5. Limitations and methodological constraints
The paper is explicit about several limitations. First, experiments only scale to 32B parameters because of GPU and 16K-context costs; larger-model behavior is therefore inferred from trends rather than directly tested. Second, the framework currently uses only two standardized modes, Thinking and Nothinking. The authors note that richer mode inventories such as verification or search modes are conceivable, but such interfaces are not yet widely exposed by current RLLMs (Wu et al., 5 Aug 2025).
Third, the current consistency mechanism is answer-level and exact or near-exact. This works well for math tasks with structured outputs, but it does not directly transfer to open-ended tasks. The paper therefore states that semantic consistency measures, such as embedding similarity or entailment models, would be needed for freer-form domains. Fourth, the observed weakness of instruction-following outside the reasoning block implies that familiar prompt-engineering practices may be less effective on RLLMs than on standard chat models (Wu et al., 5 Aug 2025).

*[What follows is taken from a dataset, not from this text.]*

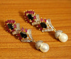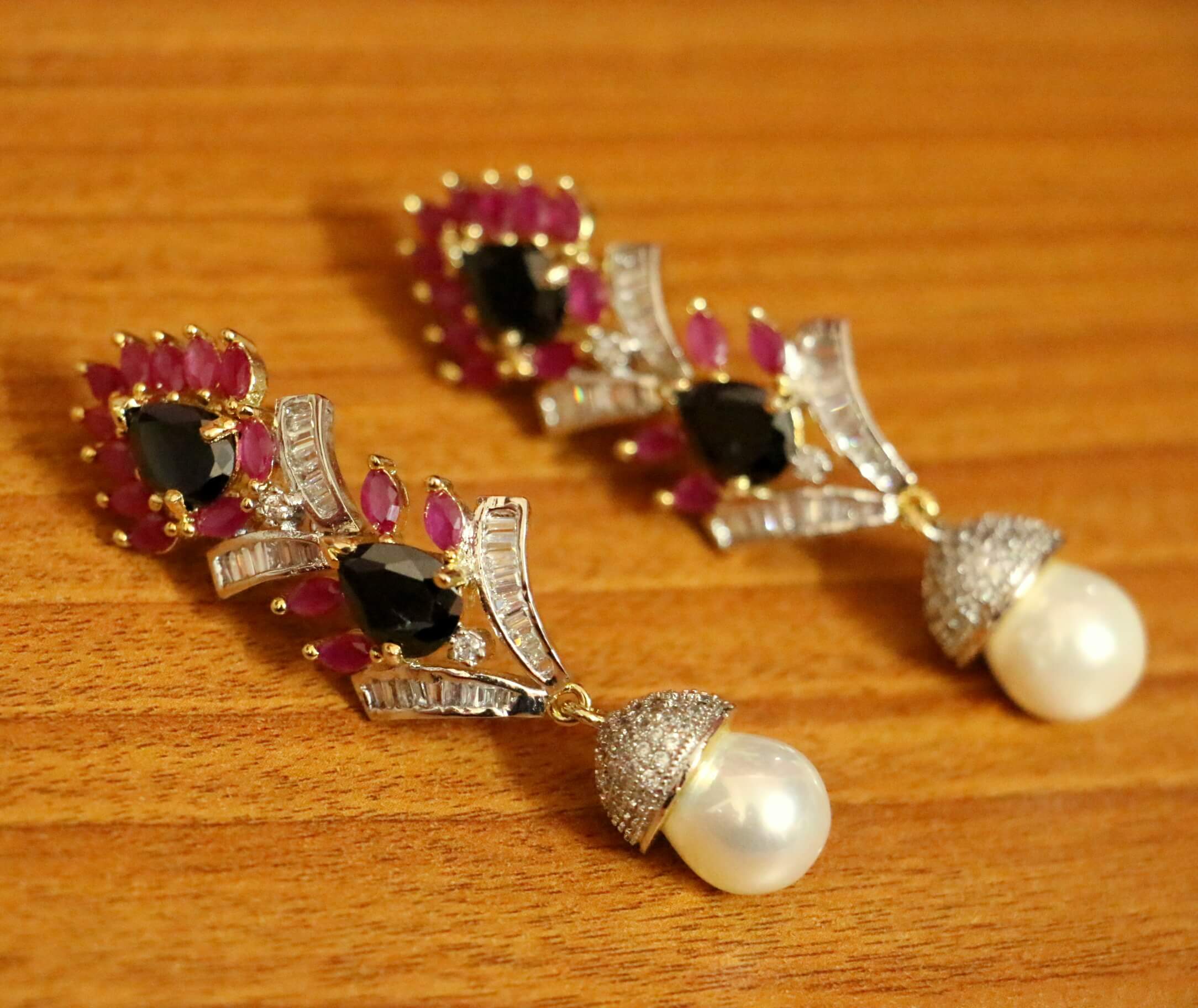 These diamond look danglers are handcrafted in silver alloy with imitation black onyx colour quartz, pearl & cz stones of very fine quality. These earrings are plated in 18kt gold rhodium plating which gives the design a real jewelry look .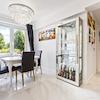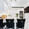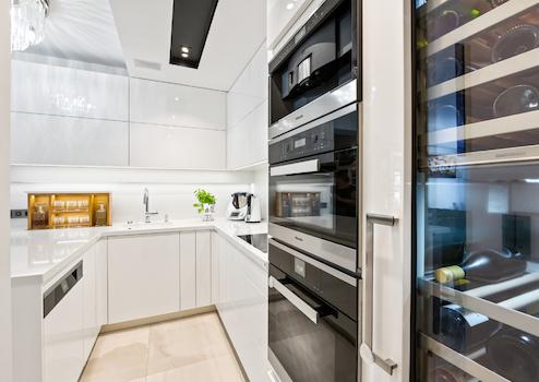 • hochwertige Einbauküche, mit Miele Geräten, eingebaute Kaffeemaschine, Weinkühlschrank und weiteren Highlights, gefliest, weiß, Vollausstattung, neuwertig, angrenzender Essbereich

A further methodological implication arises from the few-shot results. Classical few-shot CoT, a canonical ICL technique for non-reasoning LLMs, is reported to provide no gain or even degradation on these RLLMs, and performance is described as insensitive to the number of examples. This suggests that RL training concentrated on internal reasoning may reduce the model’s reliance on externally supplied exemplars and make prompt format less important than manipulation of the model’s native reasoning interface (Wu et al., 5 Aug 2025).
6. Significance as an RLLM-specific in-context learning paradigm
JointThinking is significant because it redefines ICL for RLLMs as mode calibration rather than exemplar imitation. The required ingredients are minimal: access to thinking-control tokens such as
<think>and ``, prompt templates for Thinking and Nothinking, an answer extractor, and a small wrapper that calls the model twice and conditionally a third time. No gradient updates, fine-tuning, or external router are required (Wu et al., 5 Aug 2025).
Its broader conceptual claim is that RLLMs should not be treated as single-policy generators that merely benefit from “more reasoning.” Instead, they already contain multiple usable inference behaviors, and disagreement between those behaviors can be exploited as an uncertainty signal. JointThinking therefore presents ICL not as adding demonstrations but as orchestrating structurally distinct reasoning channels inside the same model. This suggests a future research program centered on richer mode sets, semantic consistency checks, and hierarchical or weighted calibration schemes for non-math tasks (Wu et al., 5 Aug 2025).